Artists One-Up Writers Again
An advertisement in an architect’s magazine offers “masterpiece recreations” for sale by an art gallery in Florida.
“The masters of today re-creating the masterpieces of yesterday for the collection of tomorrow,” the advertisement blurbs enthusiastically.
It promises “hand painted museum-quality re-creations,” and is illustrated by a reproduction of one of Claude Monet’s incessant paintings of water lilies.
As usual, we find here that artists can indulge in activities that would get writers laughed at, if not sued or arrested. If a writer advertised that he was re-creating masterpieces by Hemingway, Hawthorne, Shakespeare or Fannie Hurst, turning out handwritten copies of their actual manuscripts, and was selling them to collectors, the best reaction he would get would be ridicule.
Those of us who write for a living have long been aware that painters of pictures enjoy the upper end of a double standard. They get away with a lot.

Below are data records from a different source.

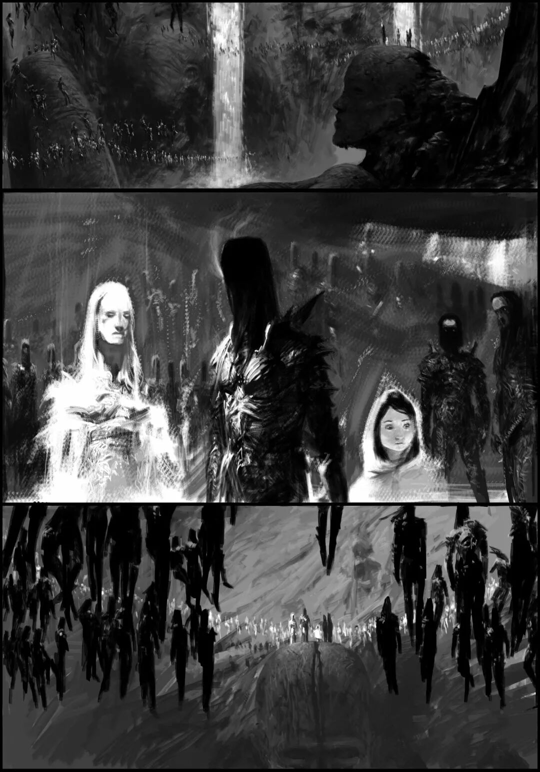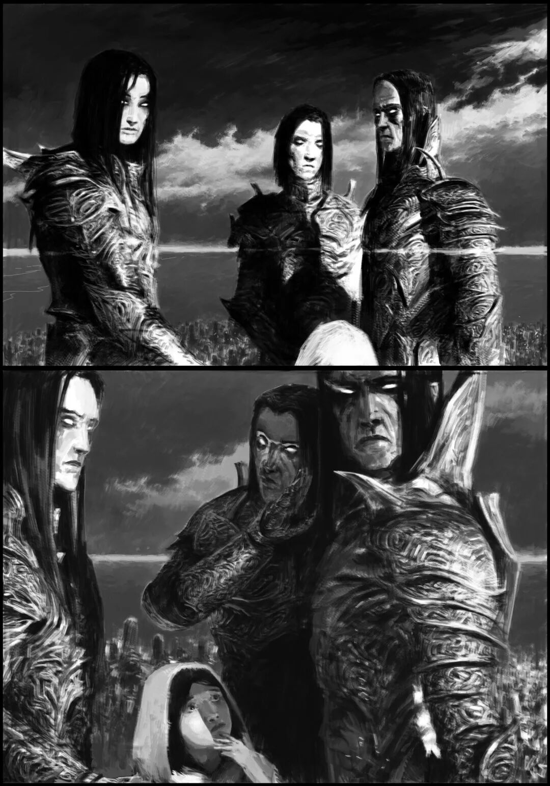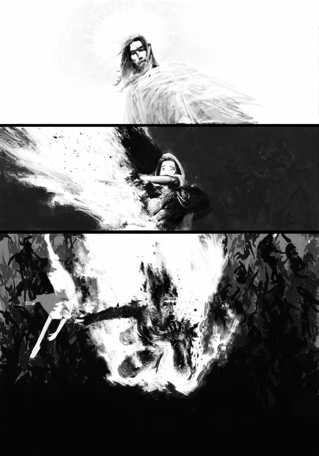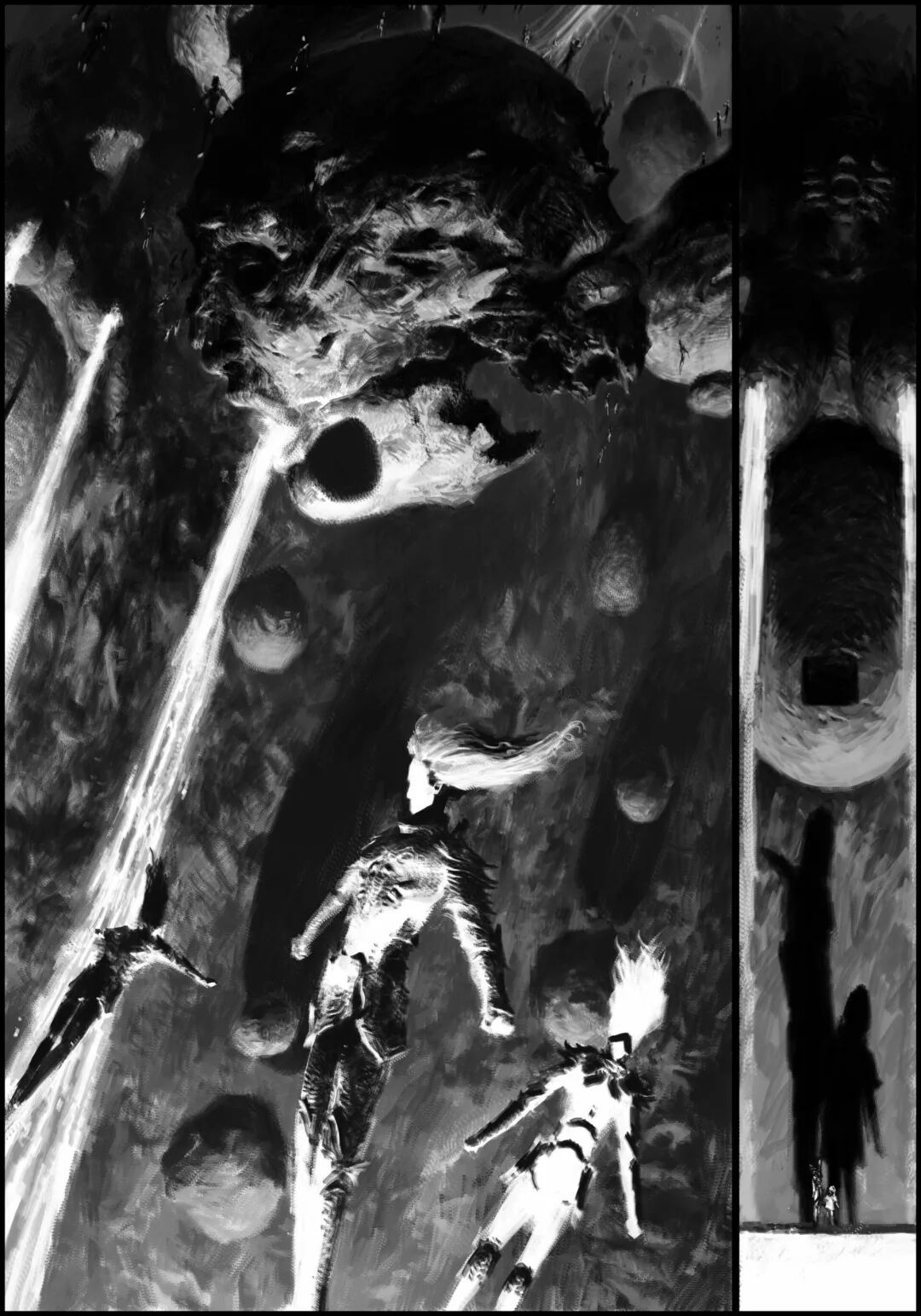 值得一提的是他的黑白稿作品,虽然色彩不复杂,但画面视觉冲击力堪称无懈可击,并且也很注重细节刻画,整体色调和氛围给人不寒而栗的感觉,故事性很强。
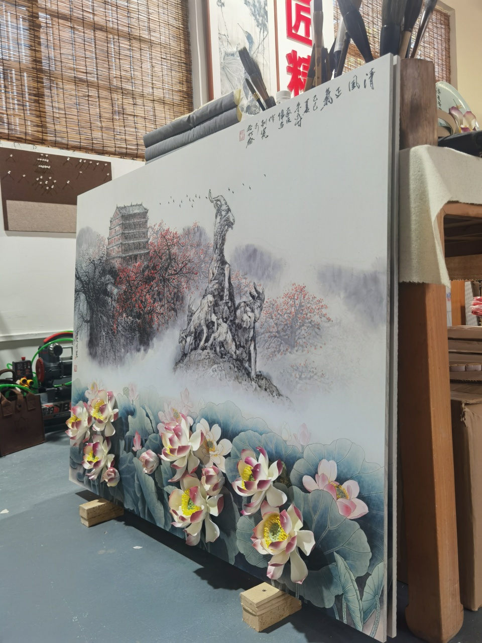 更有独特意义的是,荷花瓷在烧制中虔诚融入伏羲庙会香灰——这已超越单纯材料,成为承载祖先信仰、文化哲思与民族团结的文明信物。泥土、香火与火焰,将文化习俗与神圣记忆永恒凝结。著名山水画家、江西美术院原院长、江西雕塑院原院长詹艺,则从实践角度高度评价了其技术成就:“陶瓷的材质特性、国画的笔墨意境、雕塑的空间体积,三者各有其独特语言,能在一幅作品中和谐相融,已属不易。更关键的是,平面瓷板作为基底,与塑造娇嫩轻薄立体花瓣所需的工艺截然不同,涉及高低温釉料的转换和复杂的釉变温度控制,其烧制难度之大,非深厚经验与精湛技艺不能驾驭。”詹艺的评论,精准点破了《清风正气》在技术层面的高度。
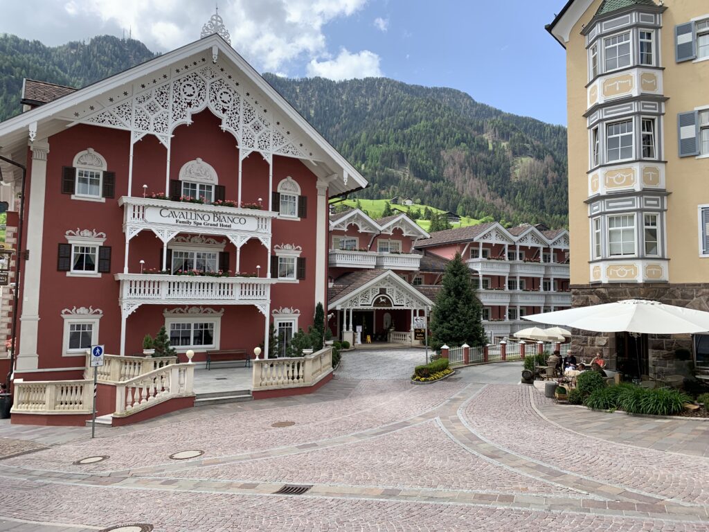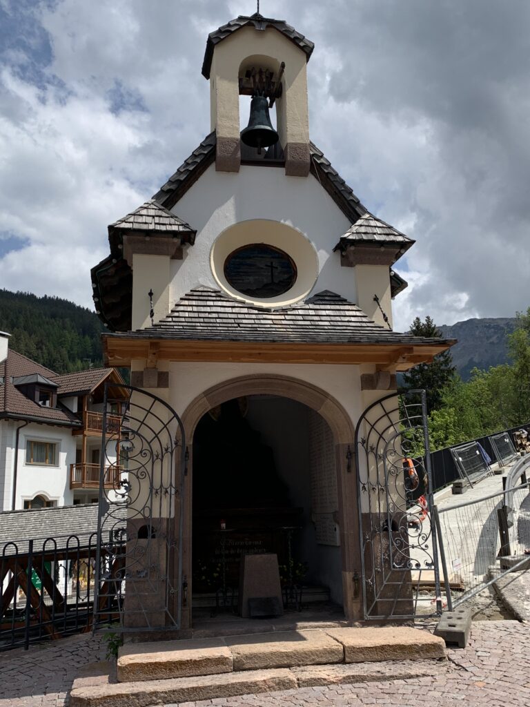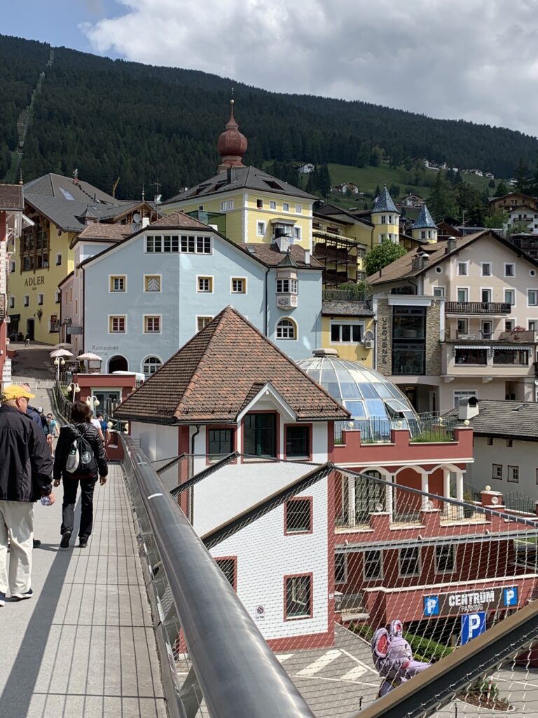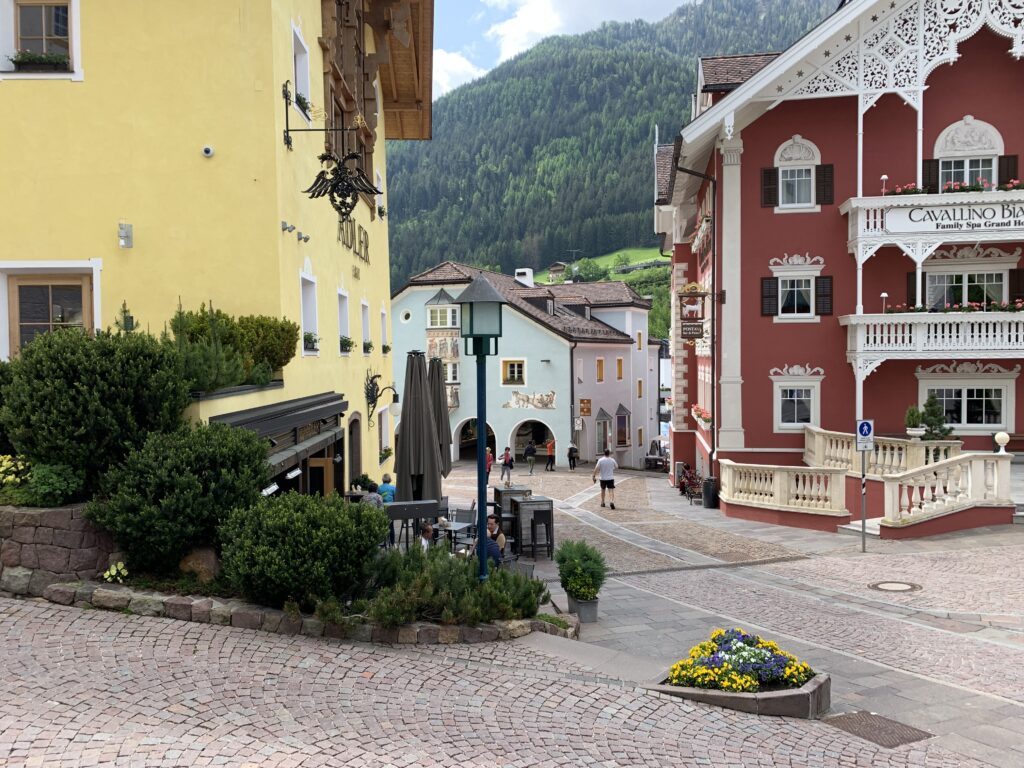 The pedestrian area in Ortisei connects the chapel of Saint Ulrich to the Antonius church and is described as the most beautiful shopping street in the Dolomites.
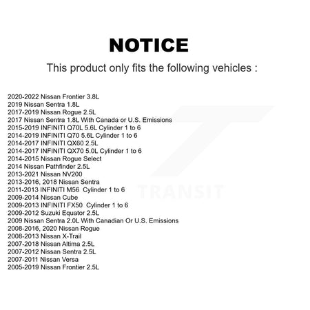 | 2010 | INFINITI | FX50 | Cylinder 1 to 6 | N/A |
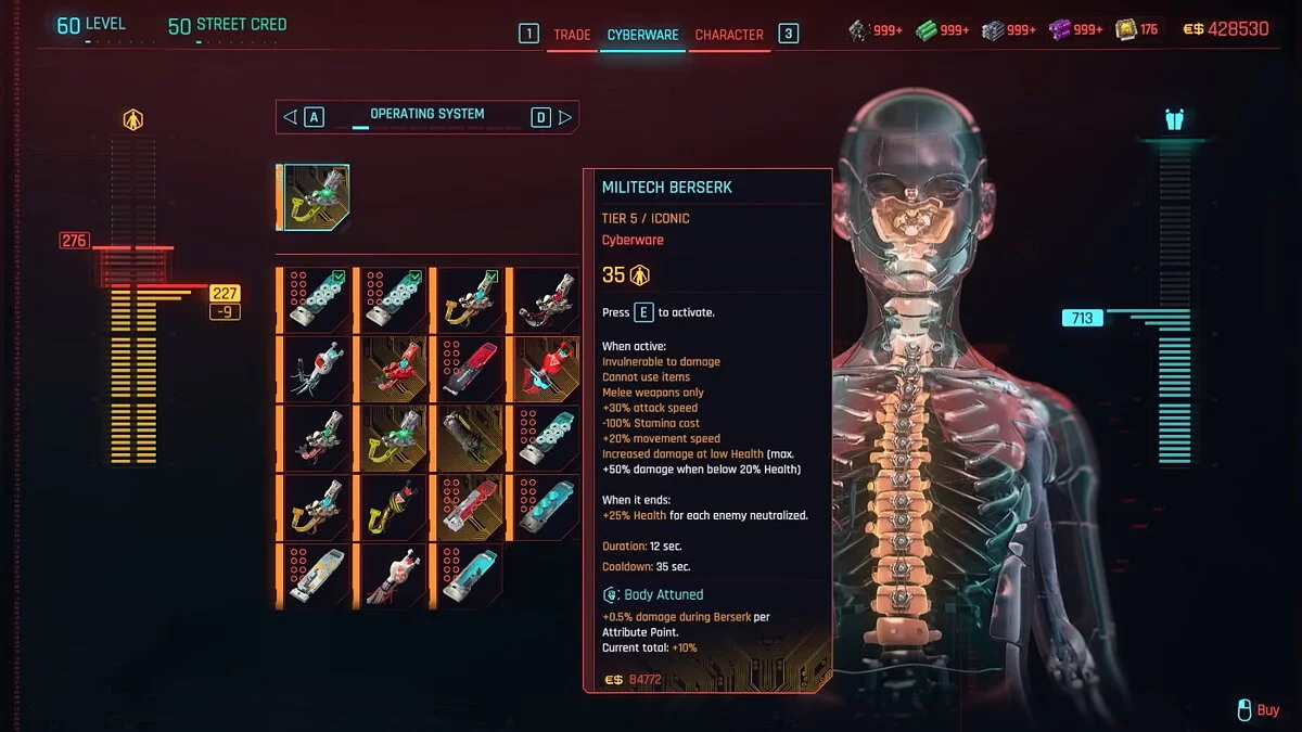• Особенности: при включении эта аугментация даёт неуязвимость, повышает скорость атаки на 30%, уменьшает расход энергии на 100% и дополнительно увеличивает урон, если у вас низкий уровень здоровья (до 50%). Эффективность ваших ударов возрастёт на 0,5% за каждое очко характеристики, которые вложены в Силу. Во время действия Берсерка можно сражаться только в ближнем бою.
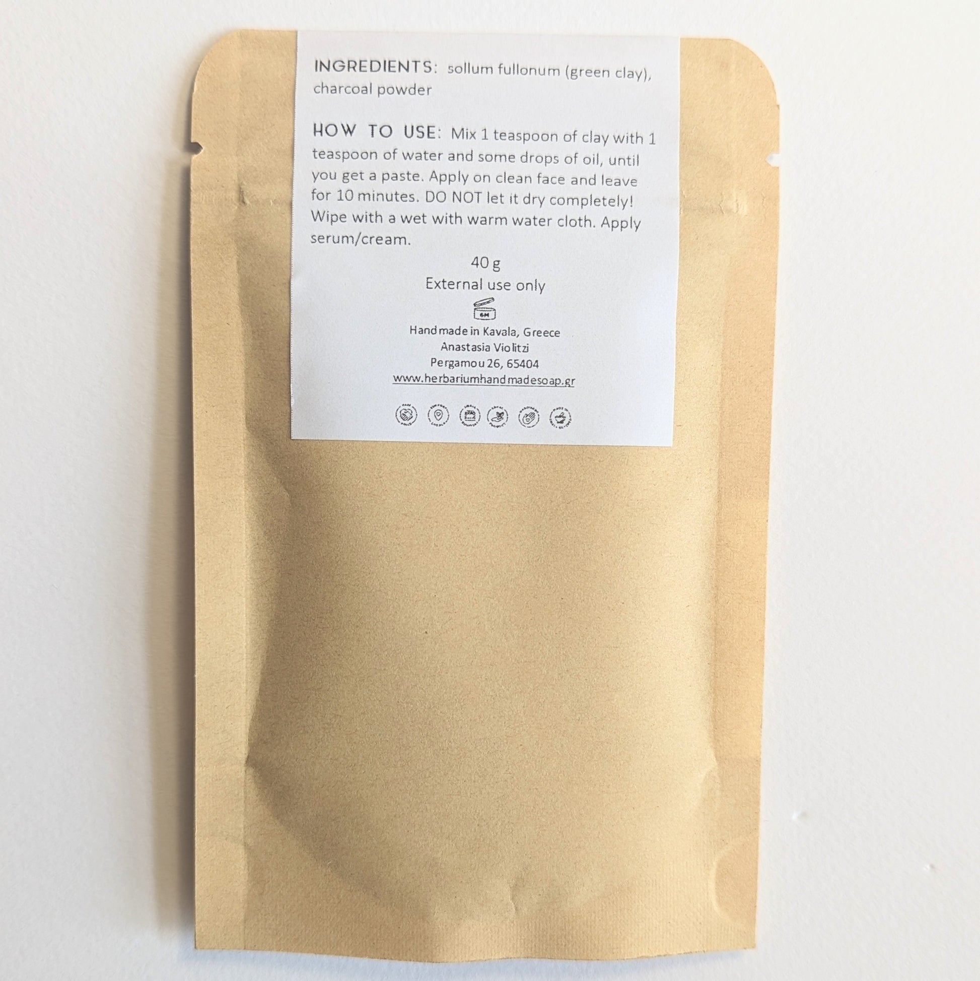 INGREDIENTS: sollum fullonum (green clay), charcoal powder
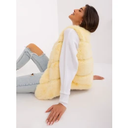 Světle žlutá kožešinová vesta s kapsami .
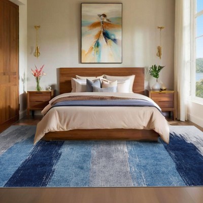 Area Rugs 10x13 Floral Rug Non Slip Large Living Room Rug Washable Vintage Bohemian Soft Carpet for Bedroom Home Office, Navy Blue
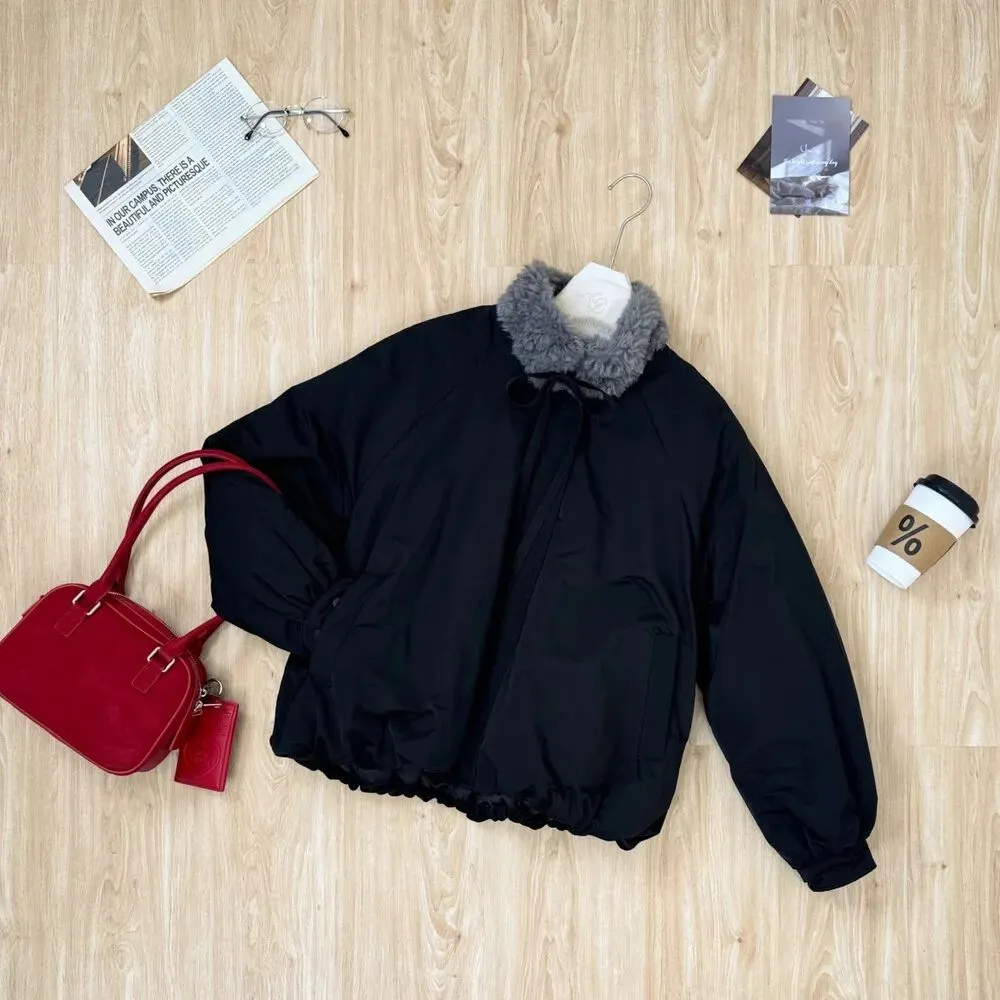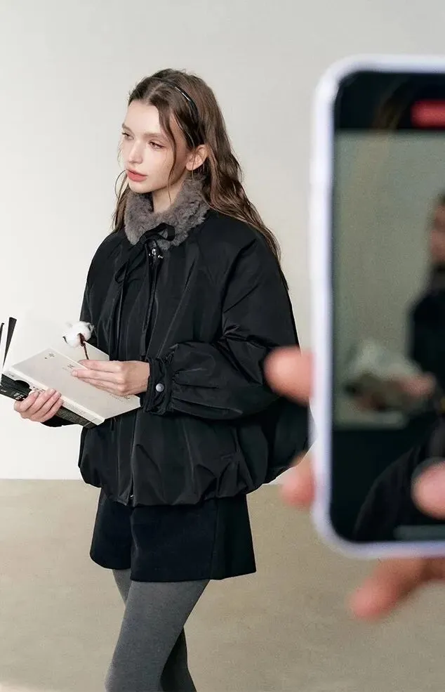 【钞级马力】年服首推❕升级羽绒版‼️氛围感天菜👏👏毛领系带花苞羽绒服!小众设计师款,一秒被种草!上身真的很绝,又韩又甜又有miu系千金风,线上棉衣版火爆在售,我们升级内里填充了90白鸭绒,颜值与保暖性并存‼️

If an artist wants to paint a picture of a landscape, he is allowed by custom to set up shop on a hillside overlooking the view he wants to put on canvas. He sits there with his easel and brushes and beret, and paints what he sees, and passersby think he is picturesque and oozing with aesthetics.
If a writer set up his typewriter or laptop computer on the hillside and started to describe the landscape in words, passersby would think he was a few participles short of a compound verb form. A writer is expected to sit in his dismal garret and describe the landscape from memory.
Another inequity: Suppose an artist decides to produce a painting of a naked woman. (It seems to be a frequent decision among artists.) The artist can call his neighborhood model rental agency, or Nudes R Us, or wherever artists get those models, and tell the shipping department to send around a young woman who will disrobe and pose. It’s totally socially acceptable.
But what if a writer wants to write a description of an unclad woman? If a writer called a model agency, and the young woman arrived and saw him sitting at his keyboard, and he asked her to remove her clothes and pose while he wrote about her, she would probably sock him, intimate loudly that he was a pervert, and call the cops. Again, the poor writer has to work from memory.
Why is it that artists are allowed to do things writers are not? Why is it that they can unabashedly advertise that they are making copies of masterpieces, and instead of being criticized for lack of originality and of semi-fraud, their efforts are offered to architects and decorators so those professionals can provide clients with the best quality fake Monet renderings of water lily ponds?
Anybody want to buy a neatly typed manuscript of “Martin Chuzzlewit” in Dickens’s own words? I can supply one cheap. And with even lower rates for Xerox copies.